What is needed:
The lines below from the one with "この日は寒かったのでみんなお洋服着て、くっきーは2枚も着せました" up to and including the one with "軽やかなチュールのボディに同" are what you should set down, exactly and without pictures.

Supplied records:
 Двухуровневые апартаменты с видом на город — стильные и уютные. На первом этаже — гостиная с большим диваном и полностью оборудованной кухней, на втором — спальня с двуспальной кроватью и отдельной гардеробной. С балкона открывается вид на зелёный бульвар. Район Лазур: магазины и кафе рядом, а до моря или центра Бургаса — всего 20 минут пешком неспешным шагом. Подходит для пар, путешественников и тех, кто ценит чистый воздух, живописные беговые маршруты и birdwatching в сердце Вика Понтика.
...
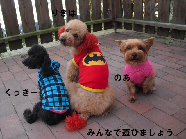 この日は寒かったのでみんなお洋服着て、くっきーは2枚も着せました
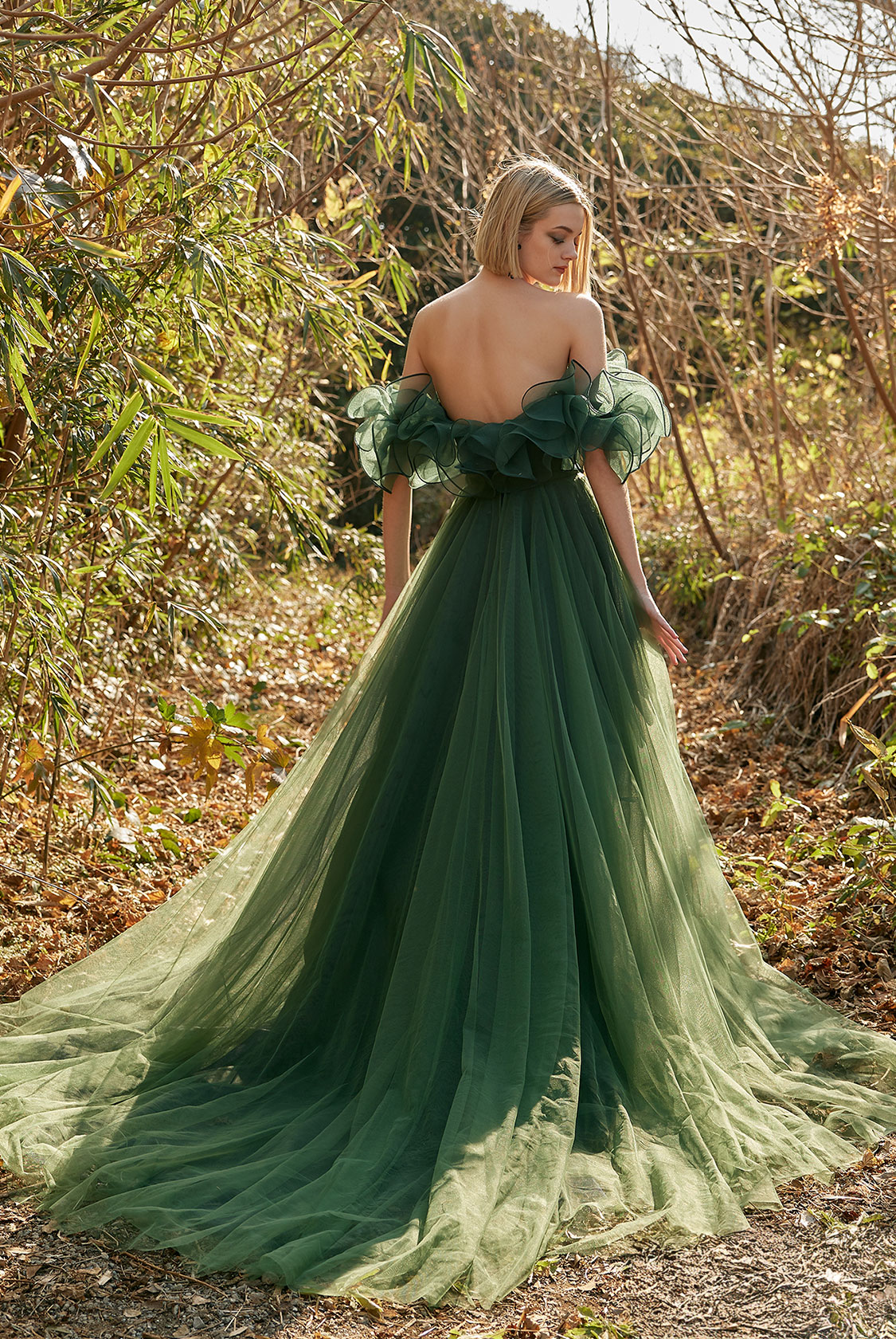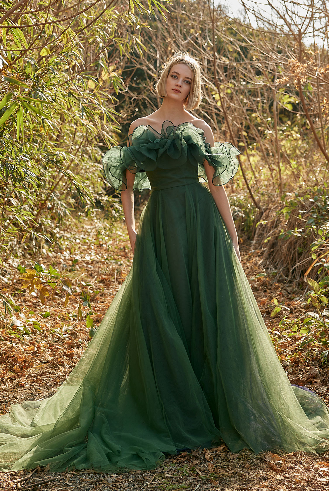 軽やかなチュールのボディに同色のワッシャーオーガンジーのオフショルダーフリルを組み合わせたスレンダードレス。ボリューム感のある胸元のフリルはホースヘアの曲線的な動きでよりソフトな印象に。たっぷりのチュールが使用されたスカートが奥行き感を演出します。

Answer:
 この日は寒かったのでみんなお洋服着て、くっきーは2枚も着せました
 軽やかなチュールのボディに同色のワッシャーオーガンジーのオフショルダーフリルを組み合わせたスレンダードレス。ボリューム感のある胸元のフリルはホースヘアの曲線的な動きでよりソフトな印象に。たっぷりのチュールが使用されたスカートが奥行き感を演出します。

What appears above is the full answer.